Hawkes was moving restlessly about the room. He stopped in front of Mrs. Chichester as Jarvis disappeared.
"I am afraid, madam, that such a marriage would be out of the question."
"What do you mean?" demanded the old lady. "As one of the executors of the late Mr. Kingsnorth's will, in my opinion, it would be defeating the object of the dead man's legacy."
Mrs. Chichester retorted, heatedly: "He desires her to be TRAINED. What training is better than MARRIAGE?"
"Almost any," replied Mr. Hawkes. "Marriage should be the union of two formed characters. Marriage between the young is one of my pet objections. It is a condition of life essentially for those who have reached maturity in nature and in character. I am preparing a paper on it for the Croydon Ethical Society and--"
Whatever else Mr. Hawkes might have said in continuation of another of his pet subjects was cut abruptly short by the appearance of Peg. She was still dressed in one of Mrs. Chichester's gifts. She had not had an opportunity to change into her little travelling suit.

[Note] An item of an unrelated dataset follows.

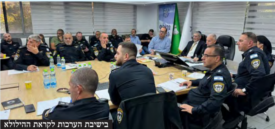
בשיבת הערכות לקראת הילולא

היערכות שיא להילולת 41 שנה לפטירת סידנא בנא סאלי זיע"א בהשתתפות בכירי המשרד לשירותי דת וקציני משטרת ישראל

Hawkes looked at her in delighted surprise. She had completely changed. What a metamorphosis from the forlorn little creature of a month ago! He took her by the hand and pressed it warmly, at the same time saying heartily:
"Well, well! WHAT an improvement."
Peg gazed at him with real pleasure. She was genuinely glad to see him. She returned the pressure of his hand and welcomed him:
"I'm glad you've come, Mr. Hawkes."
"Why, you're a young lady!" cried the astonished solicitor.
"Am I? Ask me aunt about that!" replied Peg, somewhat bitterly.
"Mr. Hawkes wishes to talk to you, dear," broke in Mrs. Chichester, and there was a melancholy pathos in her voice and, in her eyes.
If neither Alaric nor Mr. Hawkes could deter her, what would become of them?
"And I want to talk to Mr. Hawkes, too," replied Peg. "But ye must hurry," she went on. "I've only, a few minutes."
Mrs. Chichester went pathetically to the door, and, telling Mr. Hawkes she would see him again when he had interviewed her niece, she left them.
"Now, my dear Miss Margaret O'Connell--" began the lawyer.
"Will ye let me have twenty pounds?" suddenly asked Peg.
"Certainly. NOW?" and he took out his pocket-book.
"This minnit," replied Peg positively.